The warm up went fine. You can very easily read whilst cycling on a stationary bike. (If you are Dutch like me, you can even quite easily read whilst cycling on an actually moving bike in traffic. It is not recommended, but it works great for last-minute revisions on your way to school. Do as I say, not as I do, people.) It went wrong when I had to do the other exercises.

You see, this gym is very modern. And very high tech. So the machines where you have to push/pull/ drag weights have little screens where you can select how heavy it should be. And those screens show, when you start, a little waving path, and a little ball that has to follow the path and, like Snake or Pacman, eat the little dots on its way. This is so you will push/pull/ drag in the correct rhythm at the correct speed so you don't hurt yourself by making the wrong movements. Which is great, but means I can not push/pull/drag and read at the same time, because I have to watch the screen.

And besides, I frequently need my arms to push/ pull/drag, so there is nothing to hold the book with.

The stage, now, is set. One gym. One bookless Eldis. Three hours of working out a week. How to survive those? How to stay motivated (beyond the faint hope of no more constant pain)?

Enter audiobooks. Enter, specifically, Librivox.

Librivox is a website that is run by volunteers, and it has a whole bunch of free audiobooks narrated by volunteers. The books are all in the public domain, making their project entirely legal.

And, my dear and gentle readers. Isn't it a wonderful coincidence that I'm on a mission to read every single decently well-known English literary novel?
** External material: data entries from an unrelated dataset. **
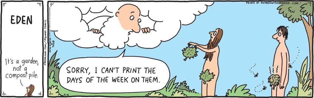 Boise Ed submitted this Rhymes with Orange as a CIDU, asking “It’s the old Adam-and-Eve scene, but why is his leaf attracting flies or other bugs and what’s with the days of the week?” – I think the answer is obvious enough to reclassify this as an LOL-Ewww: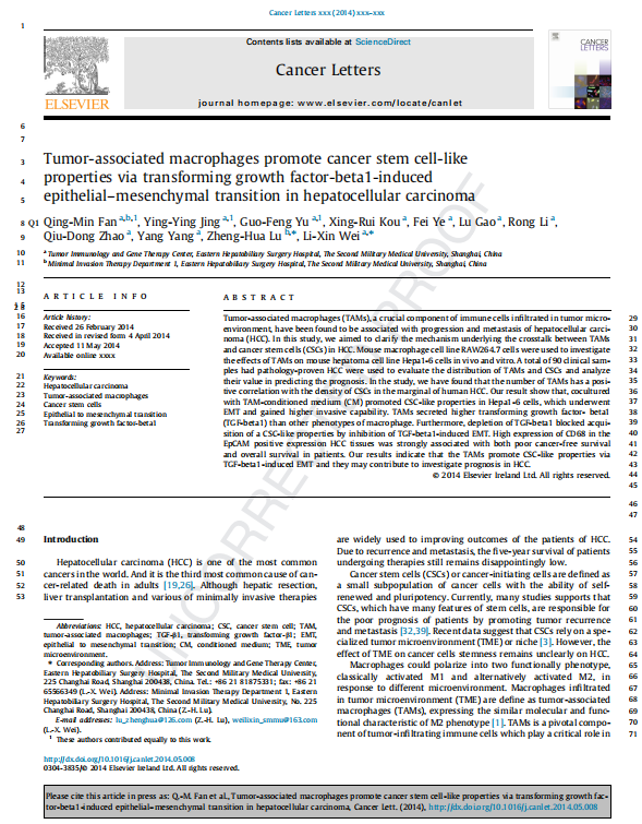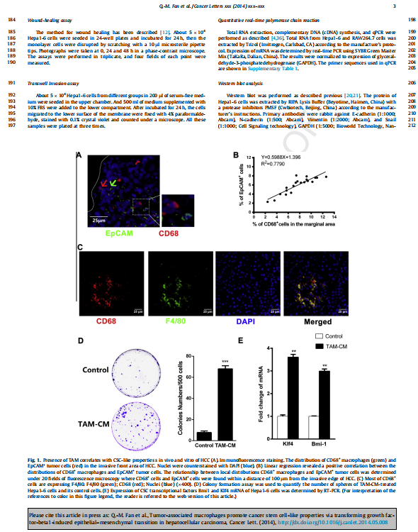 【文獻標題】Tumor-associated macrophages promote cancer stem cell-like 4 properties via transforming growth factor-beta1-induced 5 epithelial–mesenchymal transition in hepatocellular carcinoma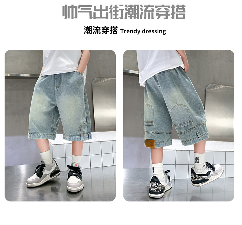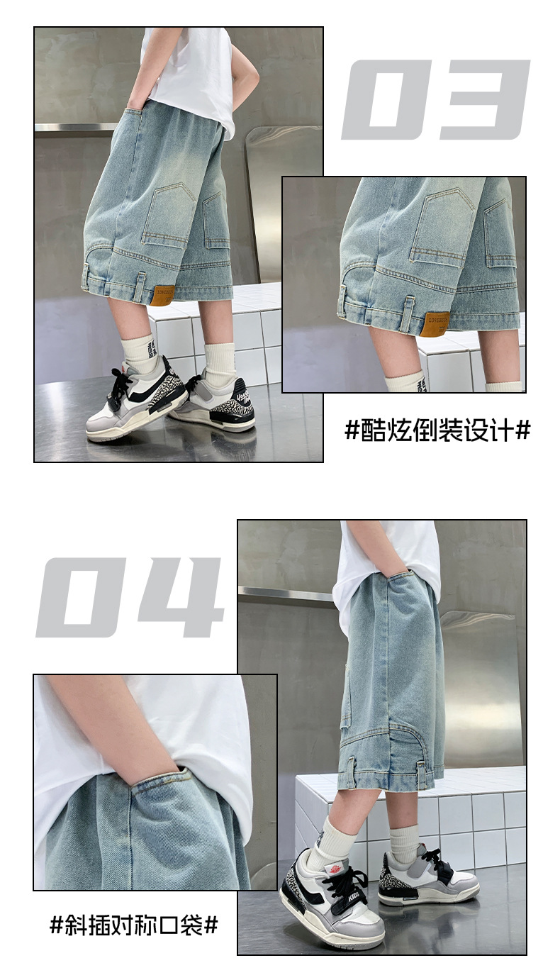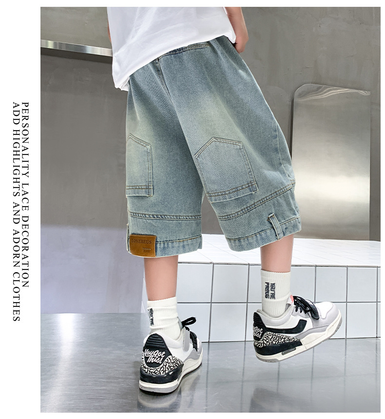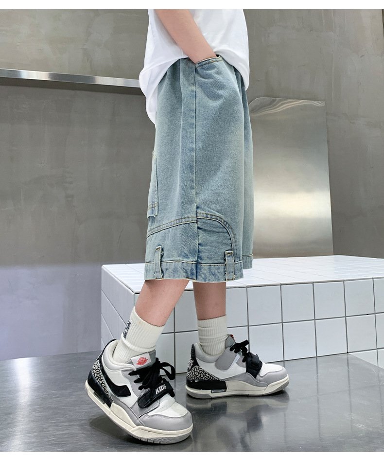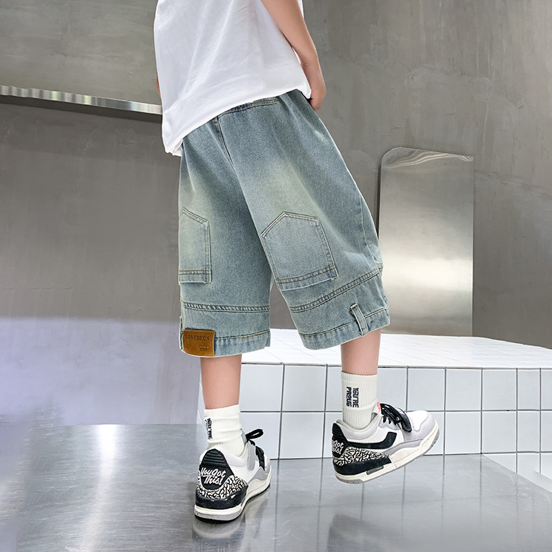 아동복 소년 바지 여름 착용 얇은 부드러운 데님 작업복 반바지 새로운 바지 유행 캐주얼 소년 바지스토어 가기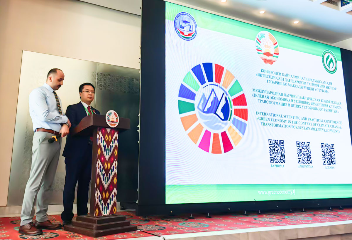 当地时间5月15日,塔吉克斯坦绿色经济转型国际会议在Dushanbe举办,塔吉克斯坦副总理 Dilrabo Mansouri 女士出席活动并致辞。来自政府机构、学术界、国际组织、外交使团、企业和民间社会的 150 多名与会者参加本次活动。实荣董事长温鹏出席活动并分享了实荣在智能化储运领域的创新成果,展现了中国企业在绿色低碳发展中的技术实力。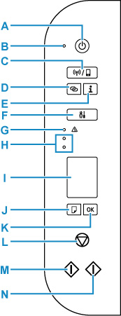 Zgornja lučka kaže stanje črne kartuše FINE, spodnja pa stanje barvne kartuše FINE.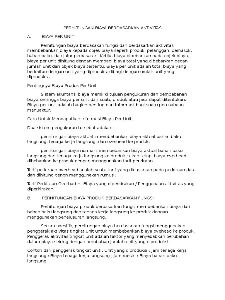 Metode ini adalah metode yang paling sederhana, yaitu dengan membebankan biaya overhead pabrik kepada. Gaji merupakan pembayaran kepada tenaga kerja atau karyawan yang didasarkan pada rentang waktu seperti gaji mingguan, bulanan dan lain sebagainya. Biaya idle time dalam menjalankan produksi, seringkali terjadi hambatan, mesin yang rusak atau karyawan yang izin yang menyebabkan adanya idle time atau waktu menganggur. Biaya overhead pabrik atau bop adalah biaya bahan penolong, biaya tenaga kerja tidak langsung serta semua biaya produksi lainnya yang tidak dapat diidentifikasikan dengan mudah dibebankan secara langsung pada pesanan tertentu atau produk tertentu. 19.05.2012 · pertama, biaya overhead yang dianggarkan akan diakumulasi menjadi satu kelompok untuk keseluruhan pabrik (pembebanan biaya tahap pertama), biaya overhead dibebankan secara langsung pada kelompok biaya tersebut dengan menambahkan seluruh biaya overhead yang diperkirakan muncul dalam dalam satu tahun. (estimasi biaya overhead pabrik : Jadi apabila bop mempunyai hubungan erat dengan waktu untuk membuat produk,. Rp 10.000.000) x 100% = 40% dari biaya tk langsung yang digunakan. Estimasi biaya tenaga kerja langsung) x 100%. Perhitungan marginal cost dilakukan dengan cara membagi peningkatan biaya dan perubahan kuantitas target produksi. Biaya total ini akan menjadi informasi mengenai. Hal ini penting untuk membedakan dengan istilah "gaji". Jenis pengeluaran produksi terakhir adalah biaya total yang diperoleh dari penggabungan variabel dan fixed cost.

Yes. My secret to dragging myself out of bed at 6.45 three mornings a week to do a thing I absolutely detest and I'm not even being paid for to do (I do, in fact, have to pay to do it!) is my incessant, annoying, overwhelming love for English literature. And, at the moment of writing, Jane Austen in particular. From her finished novels, I still have to read both Lady Susan and Northanger Abbey. With Elizabeth Klatt's wonderful voice reading out the latter, at the rate of about 2-3 chapters per workout, I'm slowly pushing, pulling and dragging my way to having read all of Austen's finished works. And since I only allow myself to listen to the book when I'm in the gym, and I have forced myself to not get a physical copy to read, I now find myself almost looking forward to my three mornings of torture a week. Because I want to know how Catherine will deal with John Thorpe! When she will next meet Henry Tilney! What Eleanor Tilney will say about Catherine when the latter is forced to cancel an appointment! Is there indeed a skeleton behind the black veil in The Mysteries of Udolpho? I will only discover the answers when I'm listening, and I will only listen when I'm working out.

And that, my gentle Quibblerers, is how I conditioned myself into not hating the absolute thought of sports. With Austen's well-timed wit read aloud in a kind voice, distracting me from the fact that movement and I are as great a combination as John Thorpe and poor Catherine Morland, who might not be born to be a heroine, but is certainly in training to be one.